Write out exactly, and only, the lines below from the line with "This decorative mug" through the line with "[黑龙江哈尔滨一中2025高"; pictures do not belong in the copy.

[Data for the task Boundary: Start]

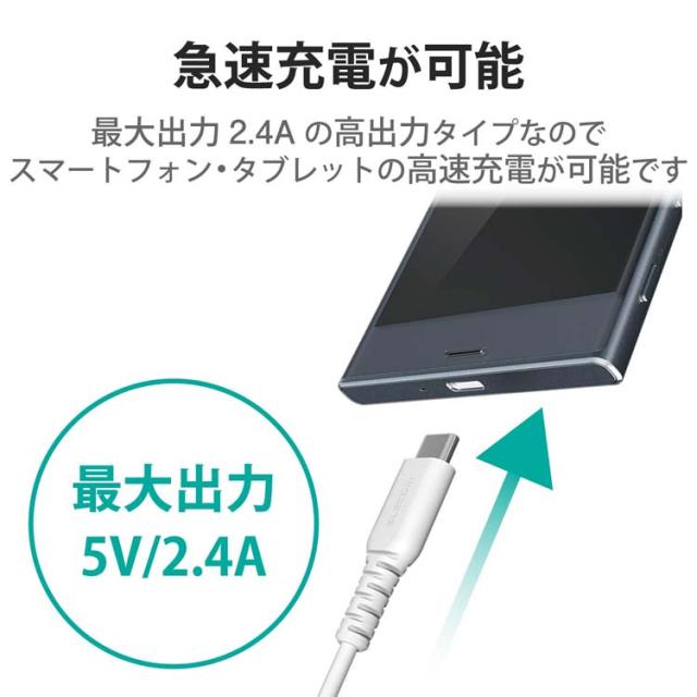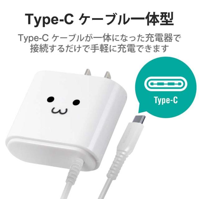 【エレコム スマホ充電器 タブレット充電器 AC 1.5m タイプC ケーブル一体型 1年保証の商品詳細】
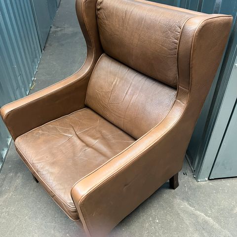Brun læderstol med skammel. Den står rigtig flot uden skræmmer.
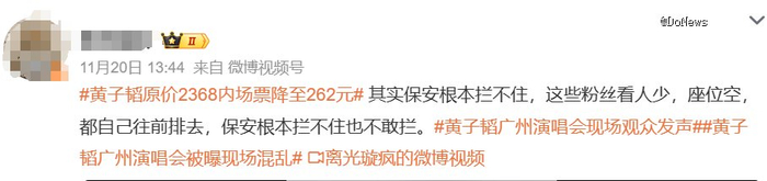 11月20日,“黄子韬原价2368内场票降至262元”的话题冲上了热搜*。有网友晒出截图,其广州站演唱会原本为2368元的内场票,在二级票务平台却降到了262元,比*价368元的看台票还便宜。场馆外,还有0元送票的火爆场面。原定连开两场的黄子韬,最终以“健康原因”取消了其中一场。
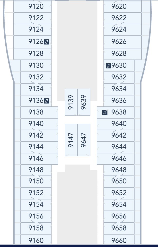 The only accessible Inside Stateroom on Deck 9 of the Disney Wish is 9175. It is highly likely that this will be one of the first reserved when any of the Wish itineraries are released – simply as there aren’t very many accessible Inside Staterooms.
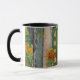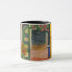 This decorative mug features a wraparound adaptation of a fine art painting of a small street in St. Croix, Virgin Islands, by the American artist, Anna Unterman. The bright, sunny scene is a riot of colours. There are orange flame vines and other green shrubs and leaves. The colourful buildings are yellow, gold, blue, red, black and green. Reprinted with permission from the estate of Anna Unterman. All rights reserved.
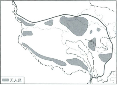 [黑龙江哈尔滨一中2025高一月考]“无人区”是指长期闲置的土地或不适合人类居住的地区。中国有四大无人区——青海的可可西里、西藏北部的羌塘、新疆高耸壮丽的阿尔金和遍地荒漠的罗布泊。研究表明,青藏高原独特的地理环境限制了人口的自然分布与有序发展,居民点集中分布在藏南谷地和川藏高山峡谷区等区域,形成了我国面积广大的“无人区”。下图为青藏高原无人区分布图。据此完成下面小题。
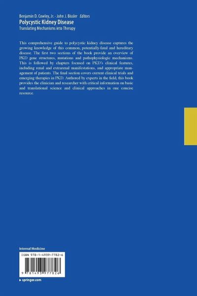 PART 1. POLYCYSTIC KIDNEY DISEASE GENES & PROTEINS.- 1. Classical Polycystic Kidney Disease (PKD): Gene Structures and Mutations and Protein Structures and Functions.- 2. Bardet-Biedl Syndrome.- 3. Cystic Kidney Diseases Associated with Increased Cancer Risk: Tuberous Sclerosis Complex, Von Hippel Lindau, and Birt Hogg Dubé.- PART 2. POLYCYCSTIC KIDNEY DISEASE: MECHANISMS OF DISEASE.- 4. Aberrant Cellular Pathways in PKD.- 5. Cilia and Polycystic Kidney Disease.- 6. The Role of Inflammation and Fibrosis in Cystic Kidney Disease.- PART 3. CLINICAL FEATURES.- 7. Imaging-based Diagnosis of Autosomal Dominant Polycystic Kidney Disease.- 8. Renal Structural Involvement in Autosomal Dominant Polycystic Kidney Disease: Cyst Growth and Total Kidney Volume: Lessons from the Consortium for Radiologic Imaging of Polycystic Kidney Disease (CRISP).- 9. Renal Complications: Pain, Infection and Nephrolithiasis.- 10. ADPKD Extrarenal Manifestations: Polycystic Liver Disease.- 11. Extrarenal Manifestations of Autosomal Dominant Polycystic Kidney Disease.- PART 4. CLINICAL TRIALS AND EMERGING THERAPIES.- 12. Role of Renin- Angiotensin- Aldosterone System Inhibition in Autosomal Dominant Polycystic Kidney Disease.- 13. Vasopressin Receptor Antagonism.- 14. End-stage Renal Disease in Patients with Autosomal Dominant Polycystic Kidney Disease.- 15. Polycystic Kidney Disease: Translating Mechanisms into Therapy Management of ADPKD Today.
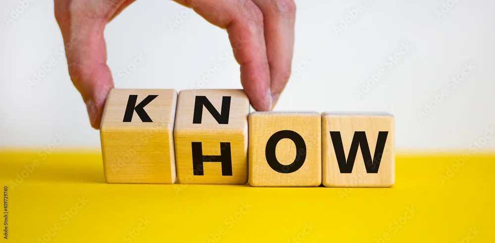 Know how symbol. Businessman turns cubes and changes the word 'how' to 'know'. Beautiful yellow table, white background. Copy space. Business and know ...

[Data for the task Boundary: End]

Solution for this problem:
 This decorative mug features a wraparound adaptation of a fine art painting of a small street in St. Croix, Virgin Islands, by the American artist, Anna Unterman. The bright, sunny scene is a riot of colours. There are orange flame vines and other green shrubs and leaves. The colourful buildings are yellow, gold, blue, red, black and green. Reprinted with permission from the estate of Anna Unterman. All rights reserved.
 [黑龙江哈尔滨一中2025高一月考]“无人区”是指长期闲置的土地或不适合人类居住的地区。中国有四大无人区——青海的可可西里、西藏北部的羌塘、新疆高耸壮丽的阿尔金和遍地荒漠的罗布泊。研究表明,青藏高原独特的地理环境限制了人口的自然分布与有序发展,居民点集中分布在藏南谷地和川藏高山峡谷区等区域,形成了我国面积广大的“无人区”。下图为青藏高原无人区分布图。据此完成下面小题。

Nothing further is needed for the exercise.